Using this criterion, we are able to show that if \(P(x)\) is either post-critically bounded or prime degree, and we take a branch such that \(p\) does not divide the associated constant \(d\), then it is potentially tamely ramification-stable, and use this information to characterize higher ramification in the associated extension:

Corollary 1.3. Let \(P(x)\) be a polynomial which either has degree \(p\), or is post-critically bounded and has degree \(p^r\). Take any nontrivial branch for \(P(x)\), and suppose \(p\) does not divide the constant \(d\) associated to the branch.

Then the dynamical branch extension \(K_\infty/K\) is arithmetically profinite, and there are constants \(N\) and \(V\) such that after replacing \(K\) by \(K_N\), \[K_n = K_\infty^{((V-1)(n-N) + 1)},\] for all \(n\).

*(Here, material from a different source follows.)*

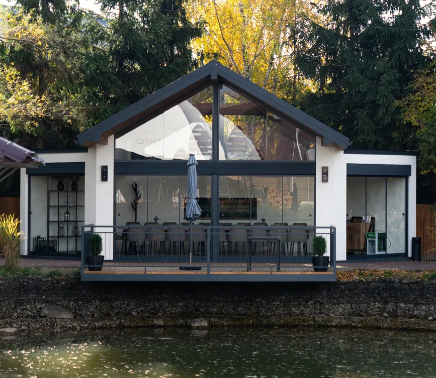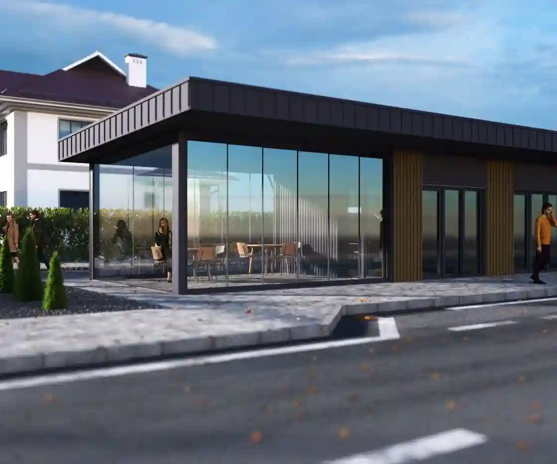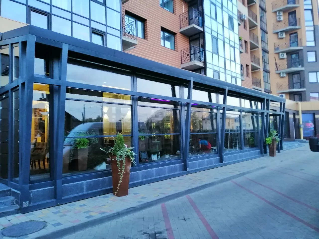 Скляні стіни забезпечують максимальне проникнення природного світла, створюючи світлий і приємний для перебування простір

For any particular branch, it is not difficult to apply our criteria to check whether or not it is (potentially) tamely ramification-stable, so long as one knows that \(p\) does not divide \(d\). In fact, our criterion is almost entirely effective: only the stipulation that \(p\) does not divide \(d\) is not known to be effective. Each branch determines certain “limiting ramification data” from which one can completely recover the Hasse-Herbrand function of the associated branch extension in the tamely ramification-stable case when \(d\) is known. The calculation of the limiting ramification data depends only on \(P(x)\) and some of the initial entries of the branch (the number of entries needed is itself effective). While we lack a general algorithm to determine \(d\), it can be calculated in many particular instances.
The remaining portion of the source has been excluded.